The third mark of apostles is that they teach the faith of the church that Jesus founded and left the Apostles [upper-case A] in charge of. We have scriptures and creeds and ancient liturgical forms—and, for that matter, bishops—for a reason. These things keep us grounded in the bedrock of God’s revelation to humankind in Jesus Christ.
Finally, if we are to “receive” Jesus by receiving those whom he sends, what does such “receiving” look like? Well, for a third time, I’ve got three things to say. (I swear, this is the first time I’ve ever done this in a sermon!)
First, receiving those who speak for Jesus takes the form of listening and heeding. If we have learned how to spot and avoid false prophets, and then how discern authentic ones, it becomes a matter of simply paying attention, and then acting somehow on what we hear. More easily said than done, no doubt, but … there it is.
Second, receiving those who speak for Jesus takes the form of supporting them.
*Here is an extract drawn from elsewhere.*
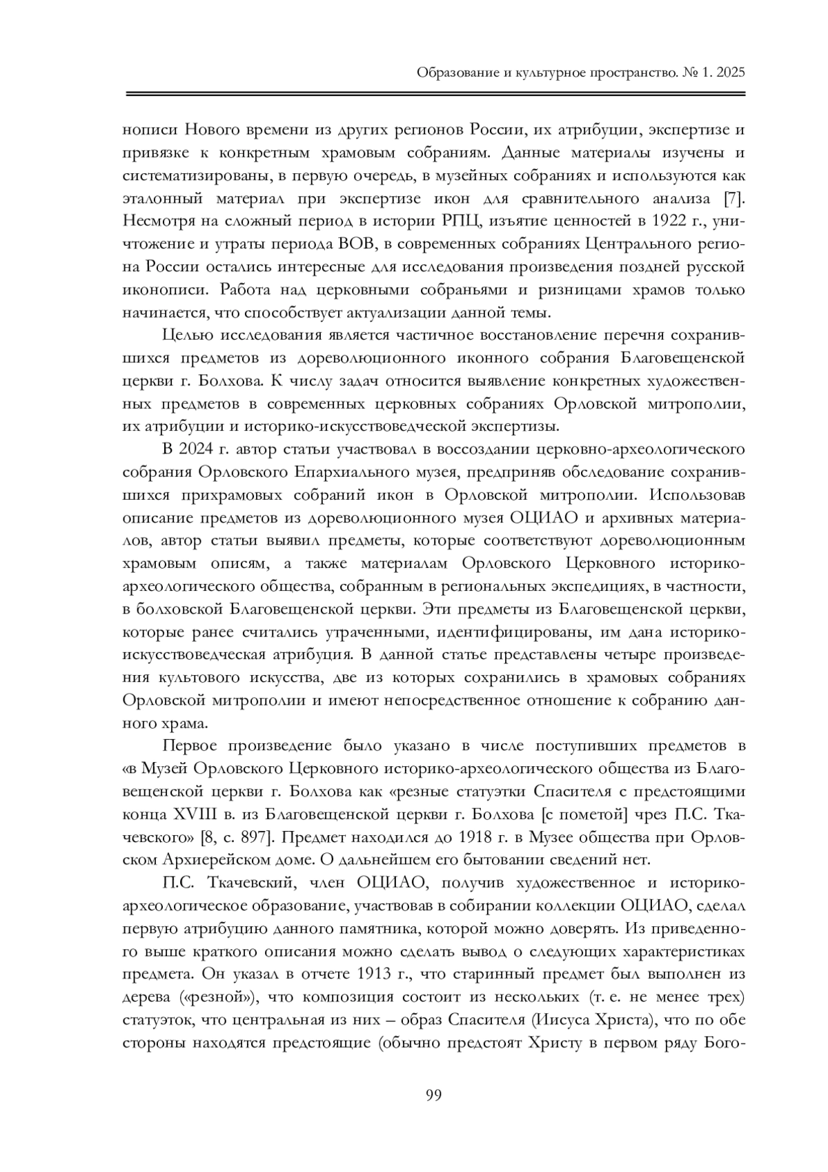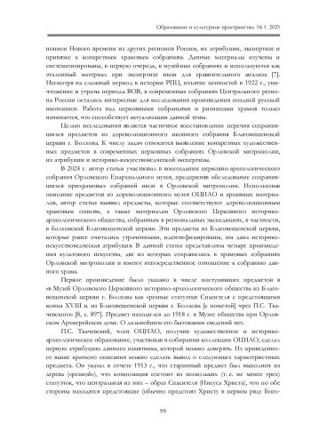 5. Лазарева Т.В. Убранство Михаило-Архангельской церкви села Каменское (Сабурово) по описаниям 1808 года // Образование и культурное пространство. 2021. № 3. С. 44-52. EDN: SWSDEM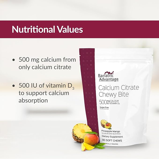 Bariatric Advantage Calcium Citrate Chewy Bites 500 mg - Highly Absorbable & Digestible - Vitamin D3 - Easily Chewable Calcium Supplement - Pineapple Mango - 90 Count

Jesus uses an image of minimalism—a cup of cold water—to represent what he’s talking about. Stewardship comes into play here, certainly, but also prayer and encouragement. Not everyone is necessarily called to be on the front lines of taking the gospel into the world, but if we’re not among those landing parties, we should strongly consider the probability that we are called to support them from the rear—financially, materially, with prayer and encouragement.
Third, receiving those who speak for Jesus takes the form of emulating and joining them. You had to know I would get to that eventually, right? We are called “Christians,” after all, and the Christ—the messiah, the anointed one of God—is none other than Jesus. If we are called by his name, we ourselves are his messengers, carrying the gospel of reconciliation through the blood of his cross into the world, and looking for that cup of cold water as a token of support.
Those who receive the representatives of Jesus receive Jesus himself. Amen.